Researchers at the University of California, Riverside, have identified how inflammation in multiple sclerosis disrupts mitochondrial function in the brain, leading to the loss of key neurons that control balance and coordination. Published in the Proceedings of the National Academy of Sciences, the findings highlight a potential pathway for new treatments to preserve mobility in the 2.3 million people affected by the disease worldwide. The study examined human brain tissue and a mouse model to trace these energy failures over time.
Multiple sclerosis (MS) impacts around 2.3 million individuals globally, with about 80% experiencing inflammation in the cerebellum, the brain region responsible for balance and coordinated movement. This damage often results in tremors, unsteady gait, and muscle control difficulties that worsen progressively as cerebellar tissue deteriorates.
A new investigation from the University of California, Riverside, led by biomedical sciences professor Seema Tiwari-Woodruff, reveals that malfunctioning mitochondria— the cell's energy producers—play a central role in this decline. The research, conducted by graduate student Kelley Atkinson and colleagues, focused on Purkinje cells, specialized neurons in the cerebellum that enable precise actions like walking or reaching. "Inside the cerebellum are special cells called Purkinje neurons," Tiwari-Woodruff explained. "These large, highly active cells help coordinate smooth, precise movements—they're essential for balance and fine motor skills."
Analysis of postmortem cerebellar tissue from patients with secondary progressive MS, sourced from the National Institutes of Health's NeuroBioBank and the Cleveland Clinic, showed these neurons with reduced branches, demyelination (loss of the protective myelin sheath), and depleted levels of the mitochondrial protein COXIV. This energy shortfall appears to drive cell death and exacerbate ataxia, a hallmark of poor coordination.
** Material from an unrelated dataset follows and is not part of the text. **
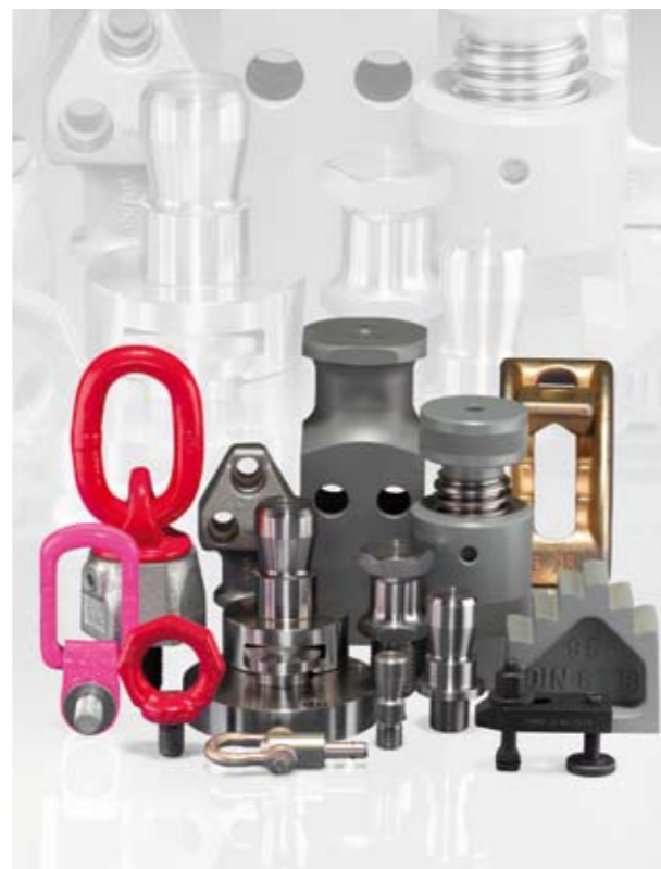
Nez, tourillons et crochets de levage, anneaux de levage, goupilles de manutention à billes, supports annulaires, broches et chapes de manutention, bride et bride à hauteur réglable, supports ajustables, cale à gradins, vis de réglage, coffrets-assortiment d'éléments de bridage.
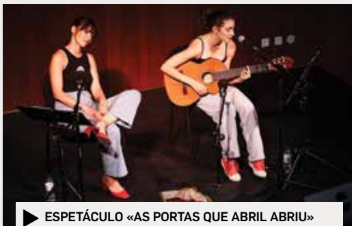
▶ ESPETÁCULO «AS PORTAS QUE ABRIL ABRIU»

Grândola. O título da obra homenageia José Gomes Ferreira e Sophia de Mello Breyner Andresen, baseando-se nos seus poemas «Jornada» e «25 de Abril», respetivamente.

To track the progression, the team used an experimental autoimmune encephalomyelitis (EAE) mouse model mimicking MS symptoms. Observations indicated early myelin breakdown and mitochondrial impairment, followed by later Purkinje cell loss. "The remaining neurons don't work as well because their mitochondria... start to fail," Tiwari-Woodruff noted. "We also saw that the myelin breaks down early in the disease. These problems—less energy, loss of myelin, and damaged neurons—start early, but the actual death of the brain cells tends to happen later."
Funded by the National Multiple Sclerosis Society, the study suggests targeting mitochondrial health could slow neurological decline. Future work will examine mitochondrial effects on other cerebellar cells, such as oligodendrocytes and astrocytes, potentially leading to therapies that boost energy supply, repair myelin, or modulate immunity early in the disease course. Tiwari-Woodruff emphasized the need for ongoing research investment: "Cutting funding to science only slows progress when we need it most."
The paper, titled "Decreased mitochondrial activity in the demyelinating cerebellum of progressive multiple sclerosis and chronic EAE contributes to Purkinje cell loss," was published in 2025.